*** Opening of Data for review ***
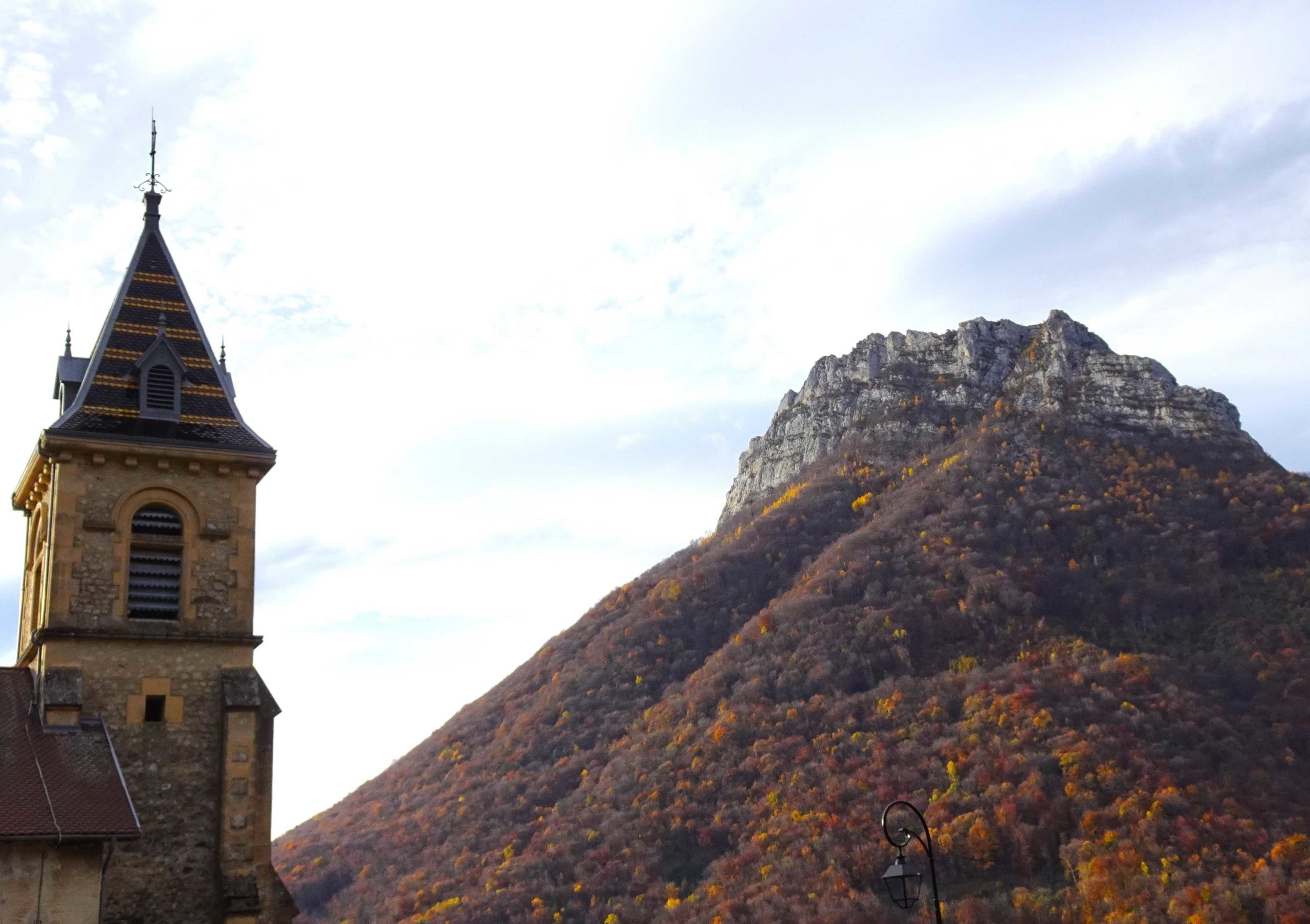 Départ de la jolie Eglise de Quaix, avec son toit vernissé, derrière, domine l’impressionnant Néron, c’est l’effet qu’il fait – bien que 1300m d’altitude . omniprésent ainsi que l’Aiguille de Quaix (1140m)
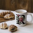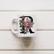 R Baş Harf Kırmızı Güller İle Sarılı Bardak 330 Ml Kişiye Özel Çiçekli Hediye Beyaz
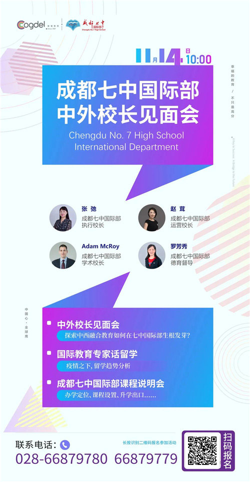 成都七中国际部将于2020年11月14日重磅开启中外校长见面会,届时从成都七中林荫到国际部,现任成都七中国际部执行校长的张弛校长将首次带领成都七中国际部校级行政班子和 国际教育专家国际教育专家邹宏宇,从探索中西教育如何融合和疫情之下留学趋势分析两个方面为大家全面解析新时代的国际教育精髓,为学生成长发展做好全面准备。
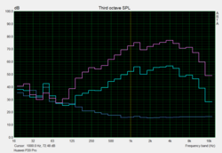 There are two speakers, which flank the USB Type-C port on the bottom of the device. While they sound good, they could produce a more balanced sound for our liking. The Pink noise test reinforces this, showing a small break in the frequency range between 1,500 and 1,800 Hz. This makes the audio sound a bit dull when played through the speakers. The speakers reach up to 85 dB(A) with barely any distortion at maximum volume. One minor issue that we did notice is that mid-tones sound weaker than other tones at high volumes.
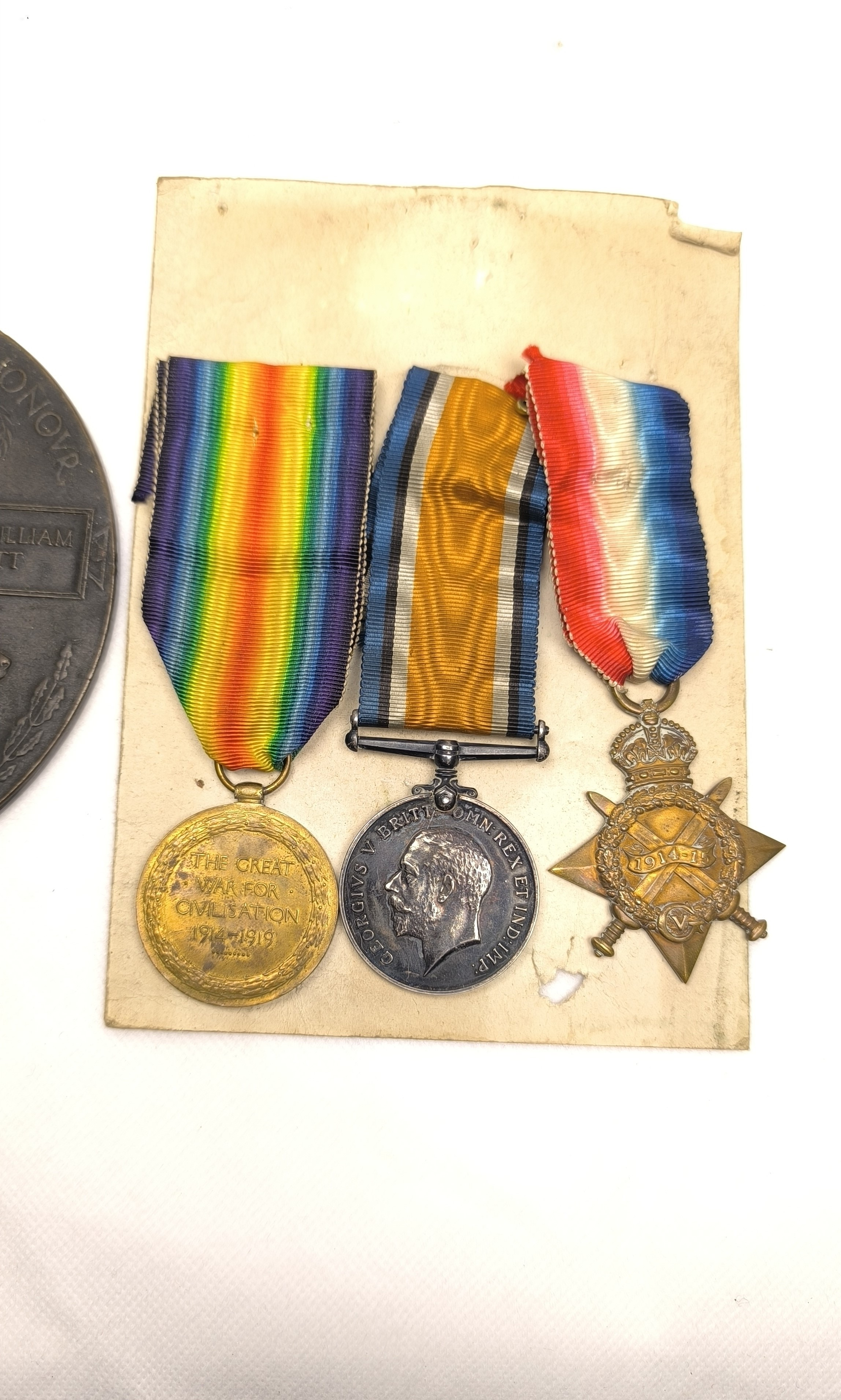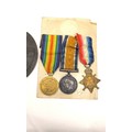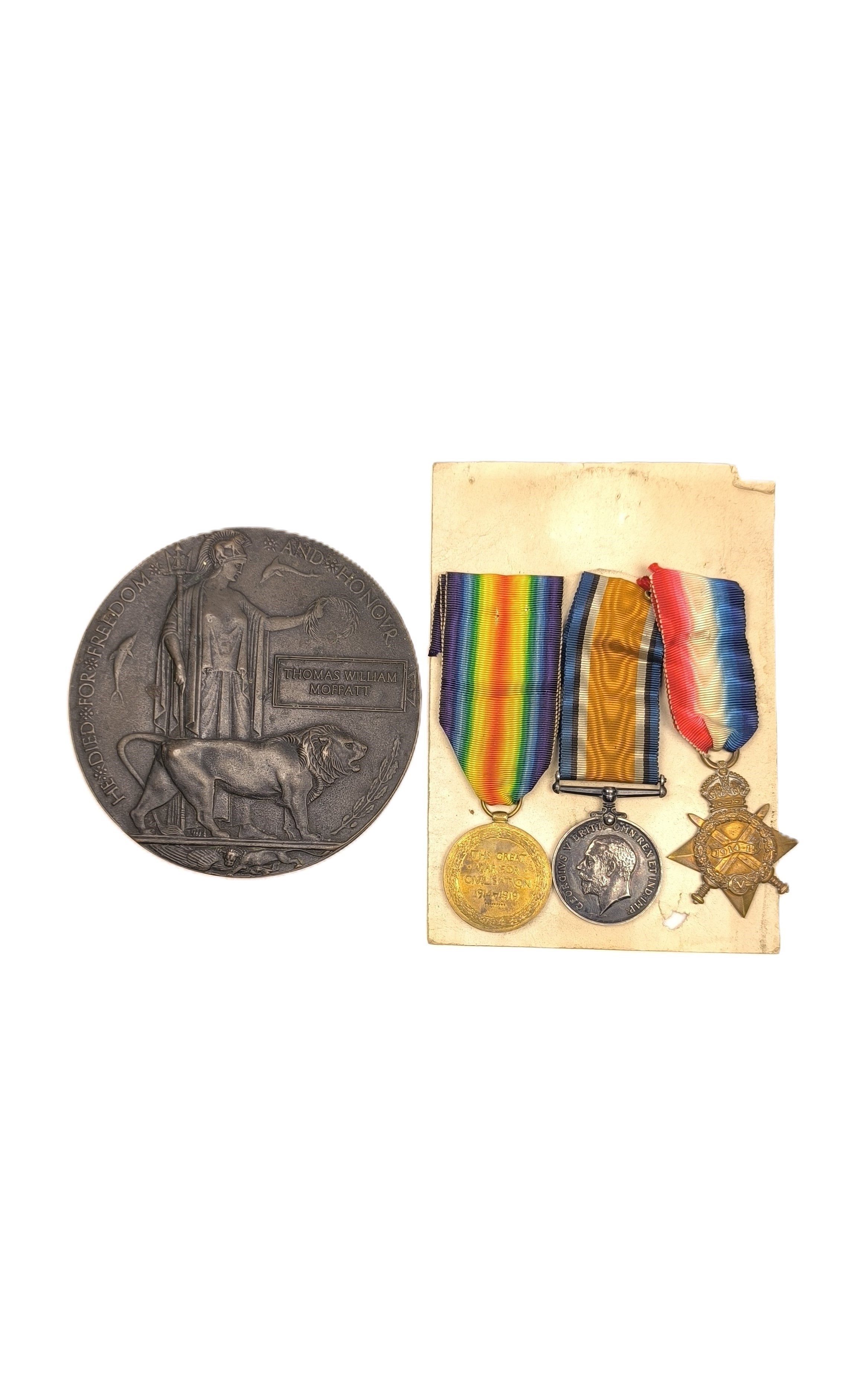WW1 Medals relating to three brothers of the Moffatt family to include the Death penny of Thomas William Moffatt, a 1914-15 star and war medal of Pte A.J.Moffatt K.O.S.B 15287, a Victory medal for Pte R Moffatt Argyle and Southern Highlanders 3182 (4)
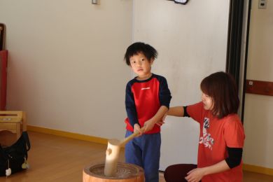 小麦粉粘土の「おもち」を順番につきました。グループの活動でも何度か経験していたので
*** Close of Data for review ***
Each record should be written out again exactly, though without its pictures.

 Départ de la jolie Eglise de Quaix, avec son toit vernissé, derrière, domine l’impressionnant Néron, c’est l’effet qu’il fait – bien que 1300m d’altitude . omniprésent ainsi que l’Aiguille de Quaix (1140m)
 R Baş Harf Kırmızı Güller İle Sarılı Bardak 330 Ml Kişiye Özel Çiçekli Hediye Beyaz
 成都七中国际部将于2020年11月14日重磅开启中外校长见面会,届时从成都七中林荫到国际部,现任成都七中国际部执行校长的张弛校长将首次带领成都七中国际部校级行政班子和 国际教育专家国际教育专家邹宏宇,从探索中西教育如何融合和疫情之下留学趋势分析两个方面为大家全面解析新时代的国际教育精髓,为学生成长发展做好全面准备。
 There are two speakers, which flank the USB Type-C port on the bottom of the device. While they sound good, they could produce a more balanced sound for our liking. The Pink noise test reinforces this, showing a small break in the frequency range between 1,500 and 1,800 Hz. This makes the audio sound a bit dull when played through the speakers. The speakers reach up to 85 dB(A) with barely any distortion at maximum volume. One minor issue that we did notice is that mid-tones sound weaker than other tones at high volumes.
WW1 Medals relating to three brothers of the Moffatt family to include the Death penny of Thomas William Moffatt, a 1914-15 star and war medal of Pte A.J.Moffatt K.O.S.B 15287, a Victory medal for Pte R Moffatt Argyle and Southern Highlanders 3182 (4)
 小麦粉粘土の「おもち」を順番につきました。グループの活動でも何度か経験していたので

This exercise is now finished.